The file size does not match, read https://github.com/opencontainers/image-spec/blob/master/layer.md and the tar archive format. The default value is 10240 bytes, and the size of the archive I have collected is 9216 bytes larger. At first I thought that it was necessary to reduce the block size to 1024 bytes, which turned out to be incorrect and as a result, the block size of 512 bytes equalized the size of the archives.

The first line of the newly created archive contains the root folder “/”. This option is not suitable, therefore, I supplement the code by scanning the contents of the folder and add it individually to the archive, having previously sorted it.

Finally, we managed to achieve the same file size, a uniform look of directories, but this is not all. Files and directories, with the exception of manifest.json and respoitories, in the archive must have st_atime attributes, st_mtime equal to st_ctime. For manifest.json and respoitories files, the st_atime, st_mtime, and st_ctime attributes must be dated to the beginning of the 1970-01-01 00:00 era. All dates must be set according to the time zone, respectively. Since I carried out all the work in mac os, I noticed one difference. When saving the image to Linux, the list of files in the archive looked like this:

Unlike the list at the beginning of the article, on Linux, the archive is saved with the numeric-only flag. There are two variables in the tarinfo object responsible for this, tarinfo.uname and tarinfo.gname. And the second problem with mac os is the lack of a root group, it is fixed using the tarinfo.gid variable in the same tarinfo object. Well, everything seems to be creating an archive

For all files, the hash converges, the names of directories and files are the same, the attributes st_atime, st_mtime and st_ctime converge with the original, the rights to the files are exactly the same. Opening both archives in a hex editor I saw a slight difference:

The upper window is the original, the lower archive I have collected.

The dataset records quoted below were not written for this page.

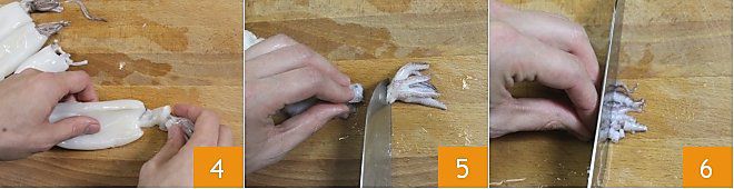 In der Zwischenzeit widmen Sie sich der Reinigung der Tintenfische. Um zu erfahren, wie man diese Operation im Detail durchführt, konsultieren Sie die Kochschule: So reinigen Sie Tintenfische, die Sie hier finden. Waschen Sie sie sorgfältig unter fließendem Wasser und schneiden Sie mit einem kleinen Messer das Ende des Mantels ein, gerade so viel, dass Sie ein Stück der Haut greifen können und ziehen Sie die Hülle mit den Händen oder mit Hilfe eines kleinen Messers ab. Dann trennen Sie vorsichtig den Kopf vom Mantel 4, entfernen Sie das Knorpelfeder, das sich im Mantel befindet, und die Innereien. Nehmen Sie den abgetrennten Kopf und trennen Sie die Tentakel 5. Hacken Sie dann die Tentakel und legen Sie sie beiseite in eine kleine Schüssel 6.
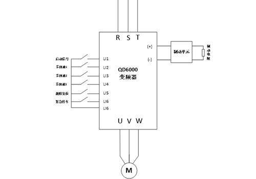 | Sa chóras seo, úsáidtear inverter RVE32 22KW chun an lártheifneoir 22KW a thiomáint, agus roghnaítear feidhm illuais an inverter chun rialú trí luas a bhaint amach, is é sin oibriú íseal-luas, oibríocht mheán-luas agus oibríocht ardluais. Baintear stad tapa amach tríd an aonad coscánaithe seachtrach agus an friotóir coscánaithe.
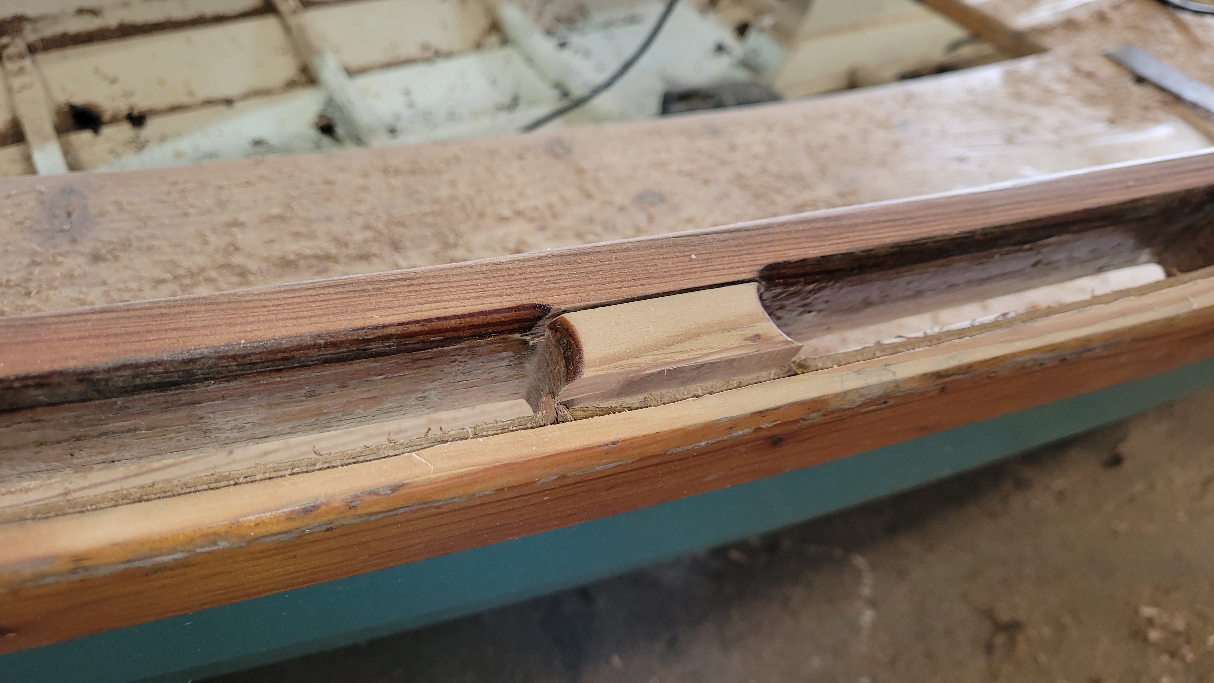 Les collages qui ont lâchés sont nettoyés à la multi-fonction, et les bords de contreplaqué sont passés à la défonceuse pour laisser la place à une baguette de bois de même largeur :
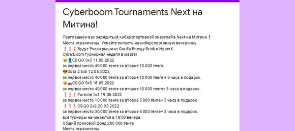 5 000 тенге+ 3 часа в подарок. CS:GO 2×2 20.05.2022 за первое место 30 000 тенге за второе 5 000 тенге+ 3 часа в подарок. все турниры начинаются в 18:00 вечера. Общий призовой фонд 200 000 тенге Места ограничены ссылка на регистрацию Стоимость участие пакет: 3000 тенге с человека. Вы можете участвовать в турнире либо насладится игрой в нашем центре Пакет действует с 18:00 до 22:00 NEXT на Митина 17

Understanding the tar format. After the directory name is the value of the rights to the file (orange rectangle). The difference is that information about the object being added to the archive is not added to the directory rights. A value of 40755 indicated in the rights indicates that this is a directory with permissions of 755, and 100644 is a file with permissions of 644. The red rectangle is magic-string and judging by the tarfile code, magic-string ustar \ 000, it is used only in PAX and USTAR formats. The PAX format does not fit at all, it uses a special kind of header. The blue rectangle is a check sum, and it differs due to the use of different formats for writing rights to a file and magic-header.

I switch the archive format to USTAR, but it’s not clear what to do with recording file permissions. Here and here, magic is happening for me, I have never worked with the octal system and I don’t understand why the ampersand is needed here (can anyone share their knowledge in the comments). I had to add several prints to see what data arrives with arguments and what data is used to form the archive block. Taking an integer from the second position of the data block, it was 16877, and leading it to the octal calculus, it turned out that this value is 0o40755, which is exactly what I need. Just overriding the get_info and _create_header functions, deleting & 0o7777 from them (nothing else occurred to me), I managed to collect a tar archive with a sha256 hash that coincided with the original one.

P.S. While writing an article, the image of ubuntu was updated: 18.04 on hub.docker.com. So I had to download the image on Digest. The hash sums no longer match the original due to the fact that Digest was written instead of the tag, otherwise they were identical images.

The second discovery for me was the absence of a repositories file in the archive when saving an image with a missing tag using the docker save command.